Арина приняла этот факт еще и потому, что после настоящей близости с Макаром подсознательно ощущала — тот случай в школе оказался обманом. Она ошиблась, но лишь потому, что слишком неожиданными и сильными оказались ее чувства к Макару, в то время как знала она его ничтожно мало. Иначе заметила бы подмену.

Сейчас Арина верила в это. И пусть тогда с ней был не любимый, она-то думала иначе. Вспоминала Макара каждый день, если не час, когда вынашивала Женечку, рожала его, кормила, рассказывала сказки и басни об отце. Именно грезы о дорогом ей человеке, а еще ожидание встречи помогли Арине выстоять, не спасовать перед трудностями.

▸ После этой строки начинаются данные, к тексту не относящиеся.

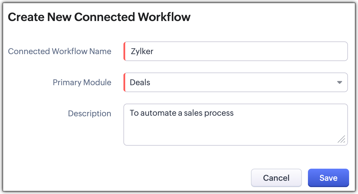 - Enter the workflow name, choose a Primary Module, and enter a description if needed. The primary module can be an Organization Module (like Deals) or a Team Module. This is where the workflow begins.

Означает ли это что-то для нее и Жени? Безусловно. Не Антон — отец дорогого ей ребенка. Никогда ее сын не назовет этим словом обманщика. Она не допустит.

Знал ли Макар о чудовищной подставе? Ведь не только ее обманули.

Ариша почти поминутно вспомнила день, когда они с Макаром поставили свои подписи в ЗАГСе. Теперь она понимала и его поведение, и взгляд, которым он одарил ее перед тем, как покинуть на долгие годы. Только обманутый человек мог так смотреть — почти ненавидя. Значит, не подозревал брата. Верил, что она во всем виновна. Но, несмотря ни на что, женился на ней. Почему? Как же хотелось верить, что именно по той, особенной причине!

Представлять то, в чем Макар подозревал ее до возвращения в родной город, да и потом, какое-то время, оказалось слишком больно. Этот развод… Возможно, он не состоялся именно потому…

— Девушка, сколько вы хотите за этот пейзаж?

Затуманенным взглядом Арина посмотрела на мужчину с тросточкой.

— Не отвлекайся, девочка.

Благодарно кивнув Стелле Семеновне, она макнула кистью в голубую краску.

… потому, что Наташа показала Макару фотографию? Тот все понял и передумал разводиться? Неужели, и в самом деле прикрывал Антона, как это представляет Клара? Но разве можно заниматься любовью с женщиной так, словно она — самое драгоценное на свете, только для того, чтобы прикрыть братов обман? Разве признают ребенка сыном лишь для того, чтобы скрыть семейный позор?

‍​‌‌​​‌‌‌​​‌​‌‌​‌​​​‌​‌‌‌​‌‌​​​‌‌​​‌‌​‌​‌​​​‌​‌‌‍

Арина опомнилась лишь тогда, когда перестала различать краски. Огляделась вокруг и поняла, что на мосту остались только они со Стеллой Семеновной, да парочка зевак. И еще Тарас. Он курил, облокотившись на перила, и стряхивал пепел в воду.

— Это его мольберт, верно? — кивнула Арина в сторону юноши.

— Еще намарает бумаги вволю до старости, — отмахнулась Стелла Семеновна. Она тоже курила. Выпустив, по своему обыкновению, дым через ноздри, поинтересовалась:

— Ты как? Готова идти?

— Готова.

— Вот и славно. А я тут тебе деньжат подсобирала. Пять акварелей за день. Рекорд. — Бросила через плечо: — Учись, юноша. Завтра жду тебя на этом месте. — Ткнула пальцем в мольберт. — Забирай снаряжение, и сумку прихвати. Поможешь донести.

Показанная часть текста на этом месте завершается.